How can you grow your business sustainably?

Growth opportunities differ from one company to the next. Whatever opportunities you are presented with, by being courageous and identifying and managing the risks, there are several strategies you can use to unlock value-creating and sustainable growth opportunities that not only give you a competitive edge but also promise significant rewards.

Focus on your core

When developing a growth strategy, many business leaders look to differentiate into new markets to generate additional sources of revenue. However, before looking elsewhere, make sure your core is flourishing. This focus will reassure you and keep you on track.

A McKinsey study found that 80% of growth comes from an organization’s core industry, with just 20% originating from secondary or new markets. You can grow your core by changing your operational model to deliver an improved or more efficient service. There may also be areas in your existing market with untapped growth potential or stagnant market segments that you can breathe new life into.

Grow into areas you know

Although most growth comes from a business’s core, diversifying into adjacent industries can also be valuable. Research shows that organizations that grow into linked industries generate 1.5% more shareholder returns than their industry peers.

Diversifying into similar areas also helps to reduce the risks. The organization can benefit from synergies or have managerial capabilities and proprietary insights that give it a head start in the new market. There may also be many of the same assets and competencies that can help to reduce the costs associated with growth.

Futureproof your growth

Many organizations are in such a rush to achieve growth that they focus on their ability to increase their product or service offering now without spending time or money on developing the operational infrastructure they need to sustain that initial growth going forward.

Growth cannot happen in isolation. To support it, you must create new work procedures, communication channels, rules and policies, training and development programs, and rewards and recognition schemes. While some business leaders see the investment in infrastructure as an avoidable cost, it’s vital if the organization is to grow in a sustainable and repeatable way.

Dominate local before going global

International expansion can bring tremendous challenges and costs that can destabilize a business and threaten its financials. Before expanding into new territories, anchor your organization by winning the local market first. Beating the domestic competition will give you a solid foundation to expand your operations internationally.

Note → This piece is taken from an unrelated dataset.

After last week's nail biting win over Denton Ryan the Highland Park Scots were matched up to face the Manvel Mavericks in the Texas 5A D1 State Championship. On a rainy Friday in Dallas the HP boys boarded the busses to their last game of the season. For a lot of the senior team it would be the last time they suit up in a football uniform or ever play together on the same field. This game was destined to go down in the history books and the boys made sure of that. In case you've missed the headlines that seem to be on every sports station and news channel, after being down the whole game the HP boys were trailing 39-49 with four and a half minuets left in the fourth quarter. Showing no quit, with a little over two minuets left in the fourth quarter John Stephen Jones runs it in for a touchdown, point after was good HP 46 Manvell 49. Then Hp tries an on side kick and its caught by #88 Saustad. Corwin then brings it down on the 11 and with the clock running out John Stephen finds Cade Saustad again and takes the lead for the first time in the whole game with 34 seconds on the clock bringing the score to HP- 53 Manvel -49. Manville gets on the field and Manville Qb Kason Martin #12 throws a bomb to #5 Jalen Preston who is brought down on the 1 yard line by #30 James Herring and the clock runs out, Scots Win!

Research shows that organizations with healthy growth in their domestic markets benefit more from international expansion, with total shareholder returns increasing by 2.6% compared to just 1.3% for businesses that are only treading water locally.

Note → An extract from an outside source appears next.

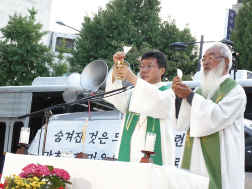 6/5 저녁 7시 용산현장에서 생명평화미사를 봉헌했습니다. 이강서 신부님(빈민사목위원회 위원장 겸 장위1동 선교본당 주임)과 문정현 신부님(전주교구)께서 공동으로 집전하셨습니다.

Don’t solely focus on the financials

Environmental, societal, and governance goals might not feel like a priority when you’re striving for business growth, but research shows that organizations that focus on improving their ESG scores also outperform other companies when it comes to optimizing their financial performance.

The study found that from 2017 to 2021 when only one in four companies grew by more than 10% annually, half of the firms that prioritized ESG issues reached or exceeded that benchmark. That shows that doing good is also beneficial for business.

Brand building and customer service are two other areas business leaders must not neglect for financial reasons. In today’s uncertain and competitive business environment, implementing marketing plans based on economic data and guardrails is more critical than ever.

Business growth requires bold choices

To grow a business, you have to make brave choices and take risks; after all, growth does not come to those who sit still. However, careful planning, strategic decision-making, and ongoing risk assessments must support your bold decisions. Even when the broader economic outlook is uncertain, these fundamentals can help C-suite leaders guide their companies to sustainable growth performance.